La richiesta avanzata dai promotori è quella di una riunione urgente della commissione di Vigilanza Rai affinché si intervenga sulla narrazione attuale della guerra, anche commissionando un sondaggio approfondito sul gradimento degli italiani sull’informazione sin qui assicurata, e che comunque si ponga rimedio alla demonizzazione delle opinioni di chi è contrario all’escalation militare. «Oggi pace è una parola quasi proibita, censurata. Grazie all’iniziativa del teatro Ghione è tornata a circolare più liberamente, ma questo segnale di disgelo non è arrivato alla stampa italiana – ha fatto notare Santoro –. Volevamo fare un atto di ribellione al pensiero unico e siamo stati travolti dalla partecipazione, significa che c’è un’opinione pubblica bloccata e che non viene rappresentata. Per cui chiediamo un riequilibrio delle rappresentanze di tutte le posizioni nel servizio pubblico».

Il punto però non è soltanto la tutela delle voci in dissenso rispetto all’escalation militare, ma anche l’assenza di un dibattito politico in cui trovino posto visioni differenti rispetto alla direzione tracciata dall’esecutivo.

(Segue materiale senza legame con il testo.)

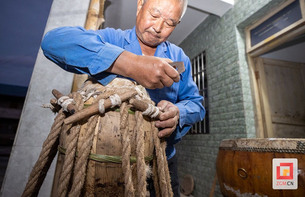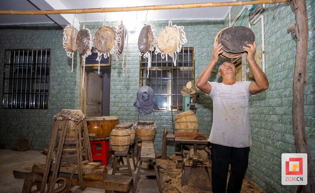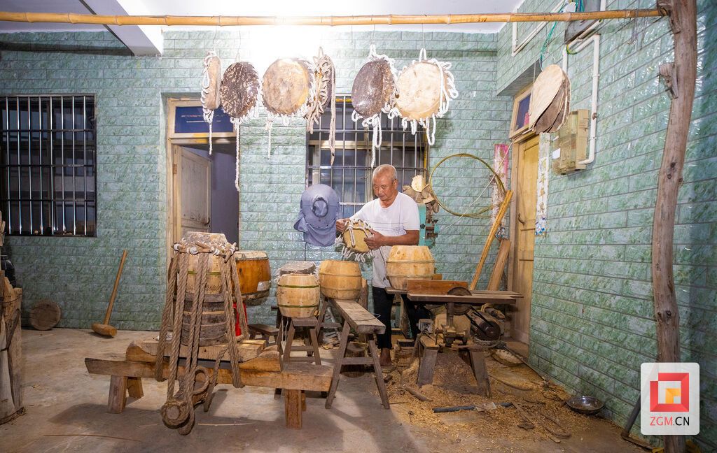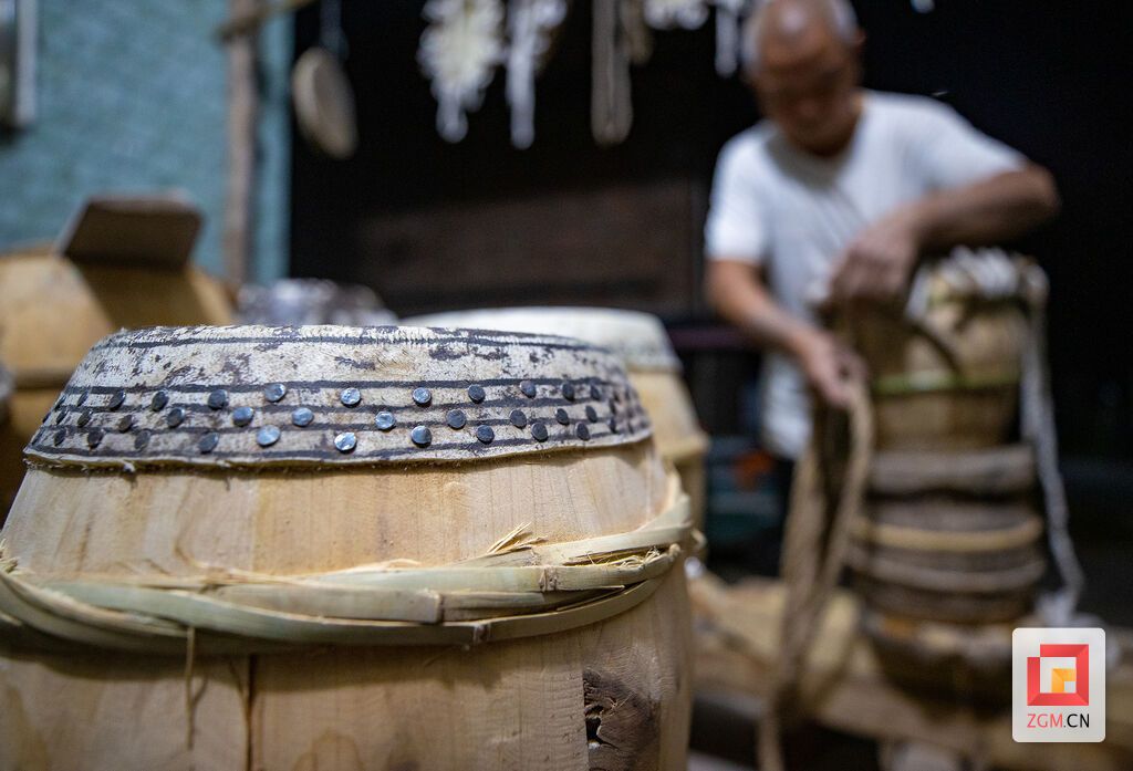 鼓皮如此,鼓身亦不简单。刘衍清至今仍亲自上山选木,多取质地坚实的白木。他将木料锯成弧形木块,再一一拼合、打磨成型。其中最见火候的,是箍桶定音。“紧了伤皮,松了音散。”他屏息凝神,木槌在鼓身与藤箍之间轻移慢敲,劲道不疾不徐。每一个细微的调整,都是几十年光阴凝练而成的直觉。从他手中诞生的牛皮鼓,形朴而音厚,声起时粗犷中透出深沉,一如他这个人——内敛,却有力量。

«Non ho mai visto tanta unanimità su un tema "bellico" in seno a un Parlamento. Certo, questo potrebbe anche essere un bene, ma lo sarebbe se ci fosse per ogni aggressione e ogni guerra ingiusta che avviene nel mondo – ha spiegato Tarquinio citando come esempi il Sud Sudan e il Tigrai –. Non ho mai subito attacchi come quelli a cui ho assistito in questi giorni e non ho mai visto tanta protervia nel fare "liste di proscrizione" con i nomi di chi non si adegua alla narrativa dominante. Nel 2003 ero contro la guerra in Iraq, ad esempio, ma nessuno mi ha dato del "pro Saddam". Si lascia dire senza contraddittorio che "il pacifismo uccide", ma non ho mai sentito di un pacifista che ha ammazzato qualcuno, mentre la storia è piena di guerrafondai che lo hanno fatto, quasi sempre per interposta persona, e che per questo magari si sono arricchiti, senza mai chiedere scusa. Eppure sfido a trovare una guerra dal 1945 a oggi, anche soltanto una, che abbia portato più felicità, più libertà e più democrazia».

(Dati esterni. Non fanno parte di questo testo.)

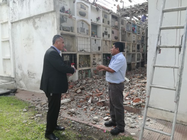Por otro lado, esta mañana se desprendió parte de mampostería y cielorraso de un sector cercano a la capilla, producto de la humedad. Al respecto, el director general de los Cementerios, Jorge Bohuid, explicó que “la estructura no corre riesgo. Los operarios resguardaron el sector para prevenir y comenzar las reparaciones
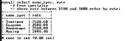 Пусть требуется извлечь из таблицы специальности (specialty) записи, соответствующие названиям специальностей (name_spec), ставки (rate) которых от 2500 до 3000, с сортировкой по полю ставки (rate). Результат выполнения запроса отображен на рисунке 8.3

D’altronde, come ha ricordato ancora il conduttore, diversi sondaggi rivelano che il 50% degli italiani è contrario all’invio di armi, circostanza che dovrebbe imporre al servizio pubblico di dare conto di questa posizione. «Nel contratto di servizio della Rai c’è anche l’obbligo del rispetto pluralismo – ha messo in chiaro Santoro –. In questo momento l’informazione dell’azienda lo sta violando. Se l’Agcom e il Parlamento non intervengono, evidentemente non stanno facendo il loro lavoro».

C’è poi la questione del linguaggio con cui si affronta il tema del conflitto, assieme alla tendenza a polarizzare le posizioni rinunciando alla complessità. Un meccanismo perverso che porta a identificare chi lotta per la pace con un filoputiniano. A farlo notare è stata Sabina Guzzanti, per la quale questo atteggiamento trova la sua origine già nella comunicazione bellicista inaugurata con il racconto della pandemia: «È triste che in una democrazia il pluralismo non sia considerato un valore – ha detto l’attrice e regista romana – quando invece è esattamente ciò che rafforza la libertà. Non è legittimo che chi ha potere nel mondo dell’informazione assuma un ruolo da forza dell’ordine».